The Mumbai native once enjoyed immense popularity in India, and was described in some newspapers as “the rock star of tele-evangelism and a proponent of modern Islam.”

The Indian Express included Naik at least twice in its list of the “100 Most Powerful Indians” explaining that a million people attended the preacher’s 10-day "peace conference" in November 2010 in Mumbai.

About 200,000 people, including former Malaysian Deputy Prime Minister Anwar Ibrahim, who is now a leader of a key component party in Mahathir’s ruling coalition, attended one of Naik’s lectures during that event, the newspaper said.

Ahmad Martadha Mohamed, an associate professor at the Universiti Utara Malaysia in the northwestern state of Kedah, explained that religion was the galvanizing factor for Malay Muslims to back Naik, not his personality.

“He is seen more as a symbol of the religion,” Ahmad said. “The same goes for other preachers. Malays will rise and back them as well because of the religious sentiment, so it is not exclusively to Zakir.”

Book authors, such as anthropologist Thomas Blom Hansen, have said that Naik’s missionary activities and his style of memorizing the Quran, the Muslim holy book, may have endeared him to his followers.

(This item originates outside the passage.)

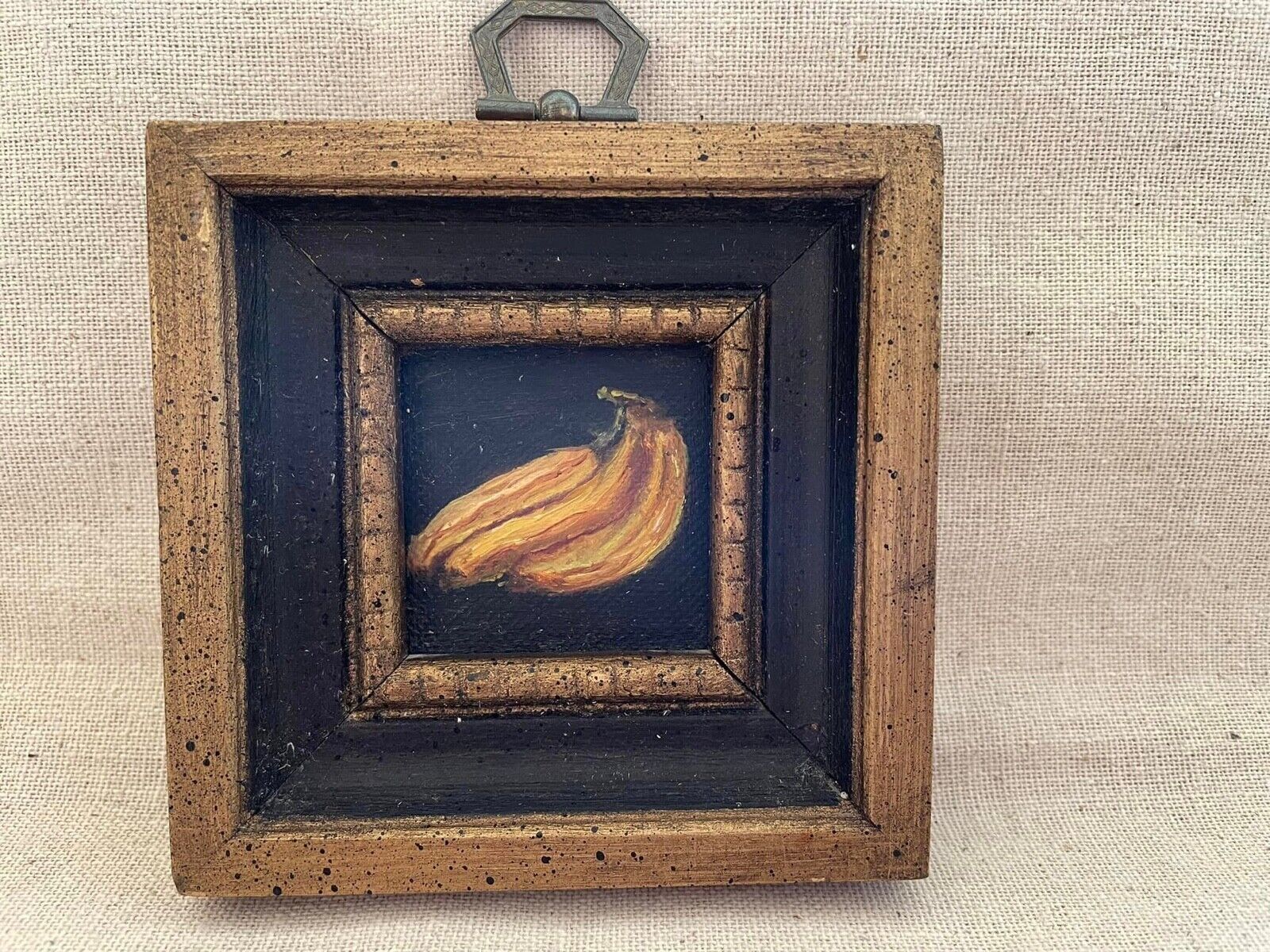 Antique 3 5/834 Miniature Framed Oil Painting BANANAS Fruit Art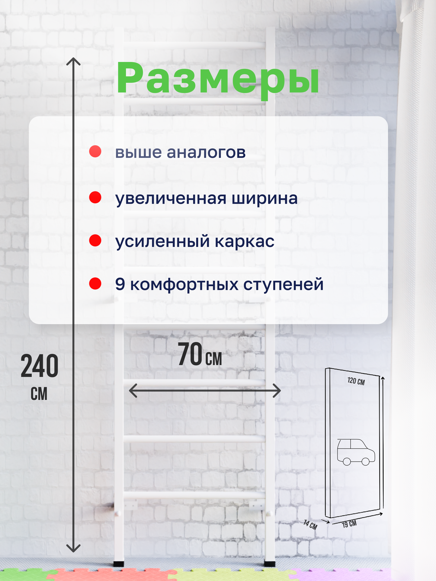 | Размеры шведской стенки (ШxГxВ) | 71x14x240 см |

“That he is medical doctor and scientist who can recite by memory both the Koran and Hadiths (commentaries and interpretations of the Koran) in Arabic, Urdu and English and travels to America and Europe to debate Islam with theologians has made Naik quite a star in Central Mumbai,” Hansen wrote in his book, “Wages of Violence.”

But several powerful politicians have slammed Naik, including Indian Prime Minister Narendra Modi, who said in a campaign speech in May that the preacher’s words “have triggered blasts in Sri Lanka,” referring to the April 21 suicide bombings at three churches and three luxury hotels in Colombo in which 259 people were killed.

“No one is above the law. Certainly not citizens, much less a permanent resident, even one as respected for his knowledge as Zakir,” Malaysia’s Home Minister Muhyiddin Yassin told reporters this week, underscoring that the preacher’s statements had caused “discomfort.”

‘Unacceptable behavior’

In June 2010, Naik was denied entry into the United Kingdom and Canada, where he was to give a series of lectures.

“Numerous comments made by Dr. Naik are evidence to me of his unacceptable behavior,” Theresa May, then the U.K. home secretary, told reporters.

Three years later, Malaysia bestowed him the “Maal Hijrah” award in appreciation of his contribution to the development of Islam and in 2015, Saudi King Salman bin Abdul Aziz presented Naik with the “2015 King Faisal International Prize for Service to Islam.”

On July 31, 2008, in one of his most controversial remarks captured on TV, Naik said the Sept. 11 terror attacks in the United States were “done by George Bush himself.”

During a televised open forum that followed his sermon, Naik was asked whether he viewed the slain al-Qaeda leader Osama bin Laden as a terrorist.

“If he is fighting enemies of Islam, I am for him. I don’t know him personally,” Naik replied. “If he is terrorizing America, the biggest terrorist, I am with him. Every Muslim should be a terrorist. The thing is that if he is terrorizing a terrorist, he is following Islam.”

Abdul Rahman Othman, an Islamic scholar in Malaysia’s Pahang state, told BenarNews that Naik’s expulsion could lead to anger among his Muslim followers.

“We have to go back to the law and everyone has to understand the role of a preacher who preaches in an Islamic country,” he said. “Muslims have the right to propagate and explain Islamic teaching.”

Nani Yusof in Washington contributed to this report.